The entire process cost the Egans about €100,000, including payment to the clinic, legal fees, flights, accommodation.
Senator Mary Seery Kearney did 13 rounds of IVF before considering surrogacy. When she began researching, she was dismayed to find there was no central agency or authority to contact for information. She had to rely on Google and eventually settled for the most impressive website; a clinic in Kyiv. “We flew over, we gave them €12,000 upfront, and nothing came of that,” she said.
After her experience in Ukraine, Senator Seery Kearney and her husband found a clinic in India.
“All in all, we’re looking about €38,000 to €42,000. So that’s eight years ago. Now [it] would be somewhere around 60 [thousand] as a starting charge. But then you have legal costs of at least another €10,000 on that,” she said.
Adding on accommodation and flights, the final cost was closer to €70,000.
Cathy and Keith Wheatley remortgaged their house to front the cost. They paid just under €40,000 to a clinic in Ukraine, of which €14,000 was compensation for their surrogate Ivanna.

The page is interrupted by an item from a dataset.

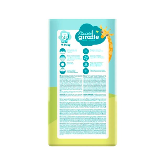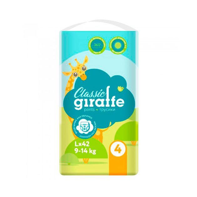 Трусики — подгузники Giraffe необходимы, когда ребенок активный или капризничает перед сном и его трудно удержать на спине, чтобы надеть обычный подгузник. Трусики легко надеваются и снимаются. Мягкая 3D резинка плотно держит трусики на талии малыша, без провисания между ножек, создавая комфорт во время движения. Трехрядная барьерная стрейч -полоска мягко окружает ножки, без натираний и следов от резинок, предотвращая протекание. Равномерное распределение абсорбента внутри рабочего слоя трусиков обеспечивает быстрое впитывание и поглощение жидкости при любом положении ребенка — лежа, сидя, стоя, в движении или во время сна, сохраняя детскую кожу сухой и здоровой. Гипоаллергенность обеспечивается благодаря использованию только качественные материалы, не вызывающие аллергию. Кроме того полностью отсутствует запах. Состав: распушенная целлюлоза, нетканые материалы, влагопоглощающий материал.

But with legal fees, flights and accommodation, their total spend was €70,000.
None of the families who spoke to Prime Time ever expected to have to use a surrogacy arrangement to have a baby. The process takes a huge emotional and financial strain. And even after all that, mothers find themselves with no way to be recognised as such in Irish law.
The challenge for the Government now is to find a balance of legislation which ensures the safety and protection of Irish families and surrogates, while also being workable and realistic in the international context. It is not an easy task, but families and would-be parents are waiting.
“We’d hope that legislation is in place properly soon for us and for all those families out there that don’t want to be on this journey but want to make sure that things are right for everybody,” Brian Egan said.